:: RECORDS TO USE ::
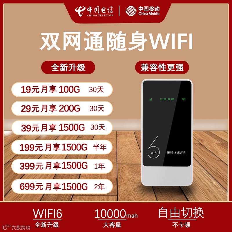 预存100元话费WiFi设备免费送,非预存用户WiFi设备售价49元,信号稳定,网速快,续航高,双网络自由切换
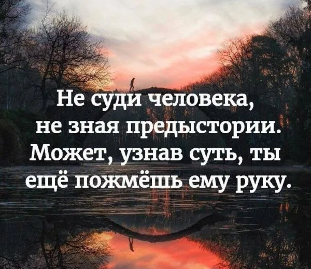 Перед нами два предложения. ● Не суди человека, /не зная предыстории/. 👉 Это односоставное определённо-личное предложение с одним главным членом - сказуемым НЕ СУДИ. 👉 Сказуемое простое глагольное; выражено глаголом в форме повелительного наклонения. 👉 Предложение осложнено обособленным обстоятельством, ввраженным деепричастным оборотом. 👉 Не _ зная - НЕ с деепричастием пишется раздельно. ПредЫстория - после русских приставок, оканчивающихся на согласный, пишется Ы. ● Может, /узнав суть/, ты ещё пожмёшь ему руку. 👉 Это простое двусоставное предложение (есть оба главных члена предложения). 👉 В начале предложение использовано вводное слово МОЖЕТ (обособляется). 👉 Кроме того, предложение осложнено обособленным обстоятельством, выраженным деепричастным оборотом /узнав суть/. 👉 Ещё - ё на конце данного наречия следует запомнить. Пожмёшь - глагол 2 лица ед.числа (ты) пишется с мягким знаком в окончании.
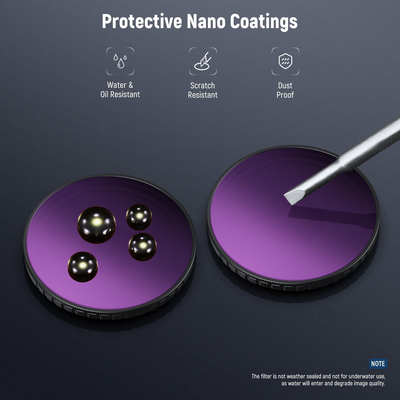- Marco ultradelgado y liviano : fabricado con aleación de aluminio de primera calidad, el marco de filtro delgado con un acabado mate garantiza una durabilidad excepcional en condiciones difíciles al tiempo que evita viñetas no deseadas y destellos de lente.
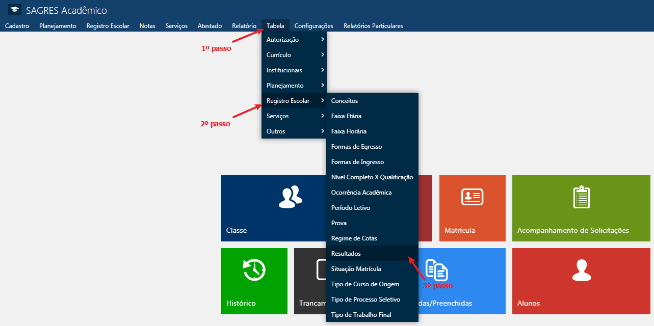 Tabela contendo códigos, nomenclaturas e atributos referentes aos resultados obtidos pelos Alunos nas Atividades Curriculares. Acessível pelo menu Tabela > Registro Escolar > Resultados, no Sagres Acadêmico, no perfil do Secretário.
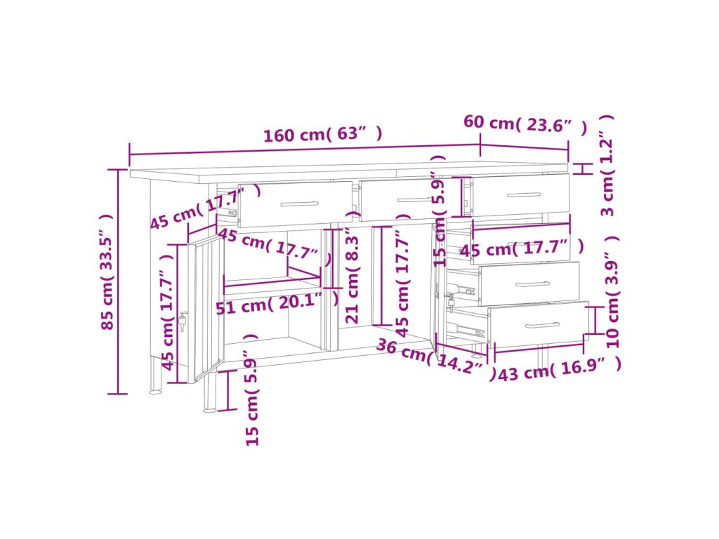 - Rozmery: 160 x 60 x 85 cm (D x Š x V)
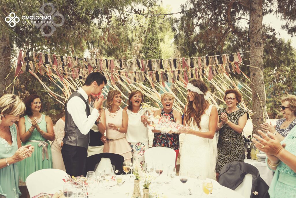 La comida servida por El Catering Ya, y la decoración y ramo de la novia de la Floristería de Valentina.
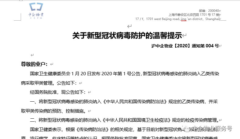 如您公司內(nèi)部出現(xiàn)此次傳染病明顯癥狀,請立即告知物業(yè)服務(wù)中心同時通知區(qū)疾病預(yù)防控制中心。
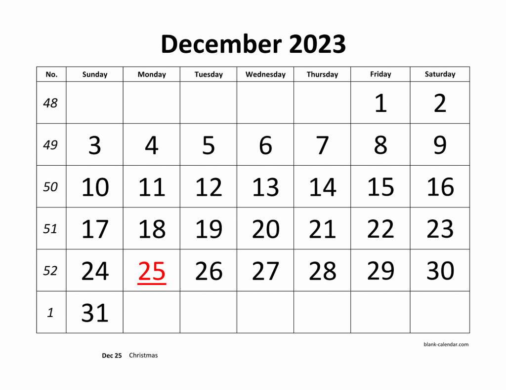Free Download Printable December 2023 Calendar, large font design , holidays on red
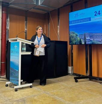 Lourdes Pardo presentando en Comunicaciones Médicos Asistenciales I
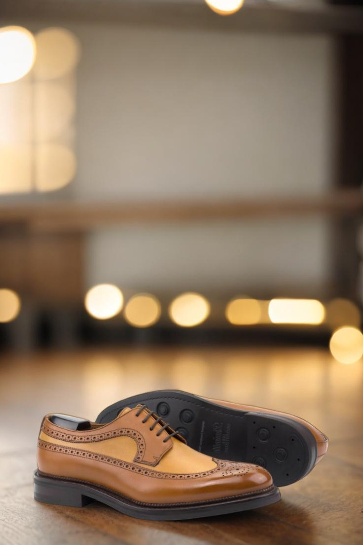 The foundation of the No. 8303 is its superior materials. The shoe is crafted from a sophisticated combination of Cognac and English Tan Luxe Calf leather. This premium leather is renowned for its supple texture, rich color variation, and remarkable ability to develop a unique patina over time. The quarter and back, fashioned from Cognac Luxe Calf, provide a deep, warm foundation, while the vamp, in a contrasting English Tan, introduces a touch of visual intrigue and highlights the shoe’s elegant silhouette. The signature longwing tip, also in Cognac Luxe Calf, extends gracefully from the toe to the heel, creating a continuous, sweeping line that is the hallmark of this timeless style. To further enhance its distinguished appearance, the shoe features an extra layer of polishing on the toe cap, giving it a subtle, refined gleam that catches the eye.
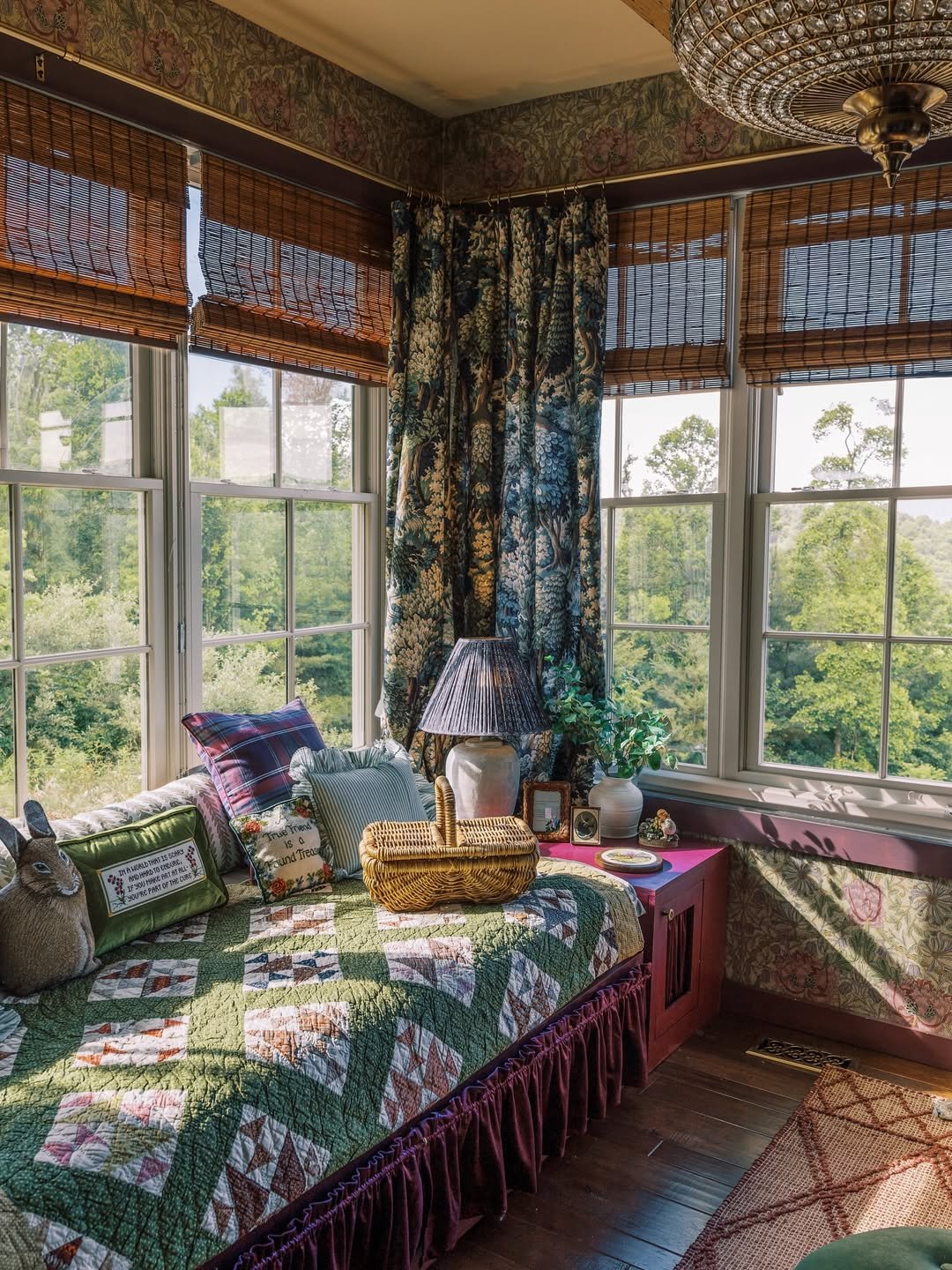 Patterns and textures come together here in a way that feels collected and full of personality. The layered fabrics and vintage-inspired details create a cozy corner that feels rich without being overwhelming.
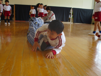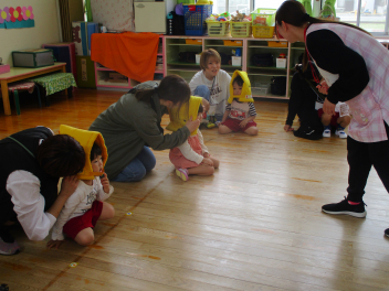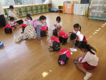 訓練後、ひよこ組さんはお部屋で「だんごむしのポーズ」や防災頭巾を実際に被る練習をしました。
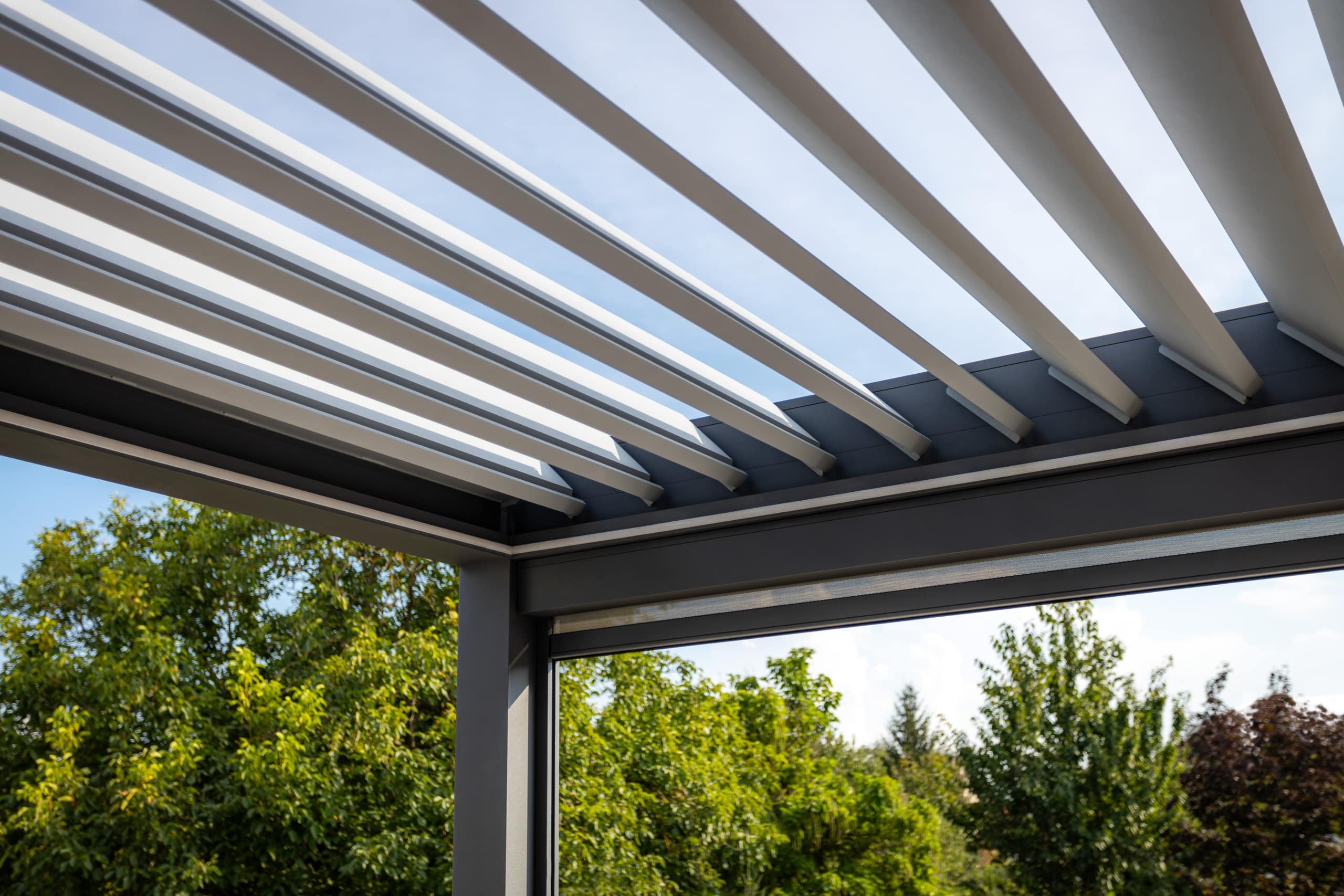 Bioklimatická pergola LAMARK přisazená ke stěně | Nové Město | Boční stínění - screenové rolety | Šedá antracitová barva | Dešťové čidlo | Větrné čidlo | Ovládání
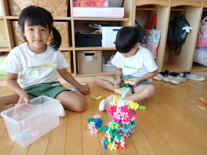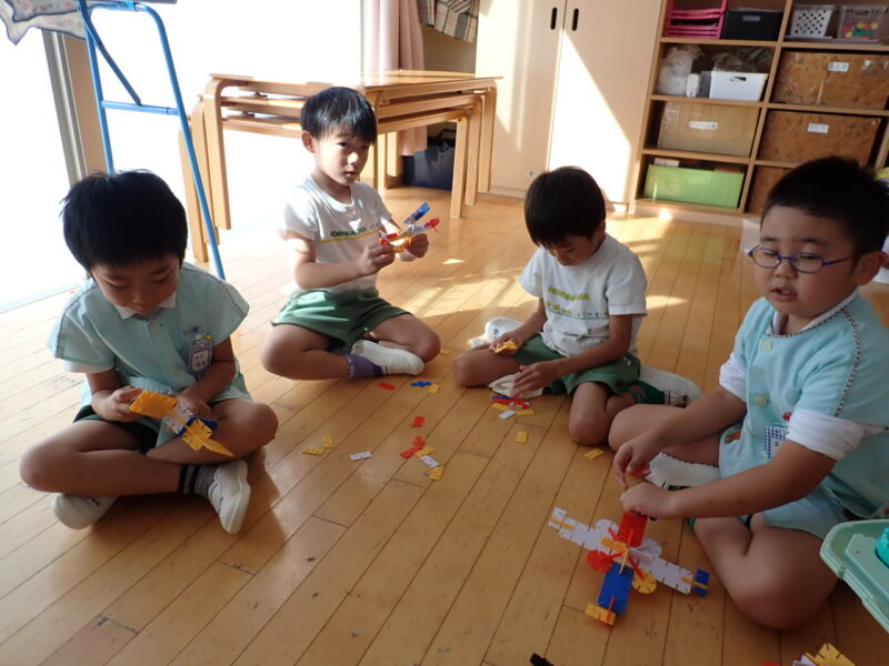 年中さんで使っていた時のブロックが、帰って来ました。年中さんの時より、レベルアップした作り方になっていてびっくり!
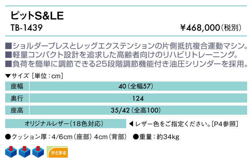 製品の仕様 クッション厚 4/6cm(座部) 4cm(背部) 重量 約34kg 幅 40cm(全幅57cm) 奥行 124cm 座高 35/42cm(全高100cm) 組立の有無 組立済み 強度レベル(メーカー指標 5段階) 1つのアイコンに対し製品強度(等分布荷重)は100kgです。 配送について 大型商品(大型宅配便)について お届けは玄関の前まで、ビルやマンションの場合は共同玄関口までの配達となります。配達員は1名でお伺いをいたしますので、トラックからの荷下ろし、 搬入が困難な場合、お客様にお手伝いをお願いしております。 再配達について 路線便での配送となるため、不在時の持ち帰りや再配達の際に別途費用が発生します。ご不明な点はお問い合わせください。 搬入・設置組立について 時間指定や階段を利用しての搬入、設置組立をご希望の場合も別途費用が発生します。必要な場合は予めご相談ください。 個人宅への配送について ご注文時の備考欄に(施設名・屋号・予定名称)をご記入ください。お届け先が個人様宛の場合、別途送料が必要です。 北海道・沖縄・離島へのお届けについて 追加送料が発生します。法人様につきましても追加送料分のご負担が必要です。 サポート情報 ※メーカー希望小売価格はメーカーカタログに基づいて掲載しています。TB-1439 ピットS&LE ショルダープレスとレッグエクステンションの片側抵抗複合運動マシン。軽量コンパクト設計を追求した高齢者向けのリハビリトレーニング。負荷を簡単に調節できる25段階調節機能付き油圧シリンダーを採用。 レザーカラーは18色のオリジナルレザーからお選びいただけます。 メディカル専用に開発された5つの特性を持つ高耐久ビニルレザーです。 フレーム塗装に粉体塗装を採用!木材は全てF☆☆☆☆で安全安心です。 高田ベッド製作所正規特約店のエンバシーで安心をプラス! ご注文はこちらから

:: WHAT IS NEEDED ::
From the records above, write out exactly the lines that begin at the line with "- Marco ultradelgado" and end at the line with "- Rozmery: 160 x 60 x 85 cm (D x Š x V)". Pictures must not appear in the output.

:: TASK OUTPUT ::
- Marco ultradelgado y liviano : fabricado con aleación de aluminio de primera calidad, el marco de filtro delgado con un acabado mate garantiza una durabilidad excepcional en condiciones difíciles al tiempo que evita viñetas no deseadas y destellos de lente.
 Tabela contendo códigos, nomenclaturas e atributos referentes aos resultados obtidos pelos Alunos nas Atividades Curriculares. Acessível pelo menu Tabela > Registro Escolar > Resultados, no Sagres Acadêmico, no perfil do Secretário.
 - Rozmery: 160 x 60 x 85 cm (D x Š x V)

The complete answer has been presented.